About This Course
Research is a continuous process which leads to new ideas, improvements and development. An efficient researcher needs to be informed about the different methods and tools of research. One such aspect is quantitative analysis of data collected. In dribs and drabs, acceptability of research across disciplines has become conditional on its backing by empirical studies so as to make a strong case for proposed arguments. SPSS (Statistical Package for the Social Sciences) is a software program used by researchers in various disciplines for quantitative analysis of complex data. SPSS is one of the most popular software used by researchers widely as it has enabled academicians and researchers to obtain valuable information from the data. Basic knowledge of SPSS is vital for all users before they proceed to surveys and data analyses. Using this as a reference point, the current course is an endeavor to bridge the gap between humanities and science by complementing ‘thick data’ with ‘big data’. In other words, the course emphasizes on the use and application of quantitative and computational methods to make better sense of the information at hand. The current course has been designed using the insights from the emergent disciplines of Digital Humanities and Data Science and Public Policy. The objective is to integrate the techniques of Data Science, which are majorly focused on the interpretability of information through Machine Learning models, with a human centred approach. The course, therefore, will use primary data sets from the fields of social sciences and further it through computationally innovative methods and technologies. With this framework, the course will be useful for improving quantitative skills of teaching faculty and research scholars in both sciences and social sciences. It will also equip the participants across disciplines to work in a new environment by providing them with knowledge about the tools, methods, and theoretical issues central to the field of Digital Humanities. Participants of this faculty development program will learn about the different techniques of data collection and cleansing, data management and visualization, and will also receive training needed to apply these tools to humanistic questions.

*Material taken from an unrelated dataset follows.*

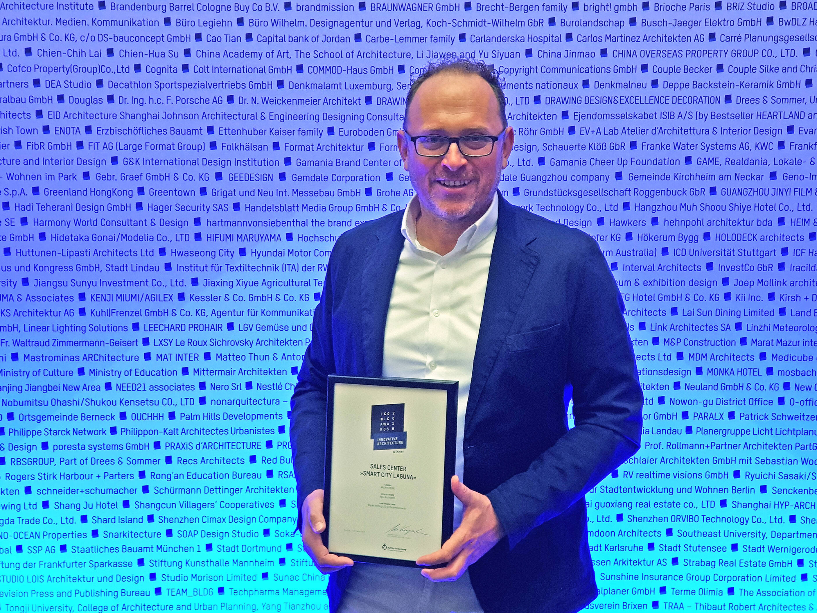 We are very happy to announce that Recs Architects has won the prestigious Iconic Award 2019 in the “exhibition buildings” category for the best architecture of the year with the “Sales Centre – Innovation Hub” in the Smart City Laguna, built in Brazil. The award, instituted by the famous “German Design Council” was withdrawn by our CEO, Pier Maria Giordani, on the occasion of the award ceremony held in Munich on 7 October 2019 in the Pinakothek der Moderne Art Museum.

- 1. Data Collection and Cleansing
- 2. Data Managing and Visualization
- 3. Estimation procedures
- 4. Applied Regression Analysis
- 5. Time Series Analysis
- 6. Applied Machine Learning
- 7. Introduction to Artificial Intelligence and Deep Learning
Upon the successful completion of the programme, participants will be awarded blockchain based graded certificates. These certificates will be available for download within 15 working days of the completion of the programme.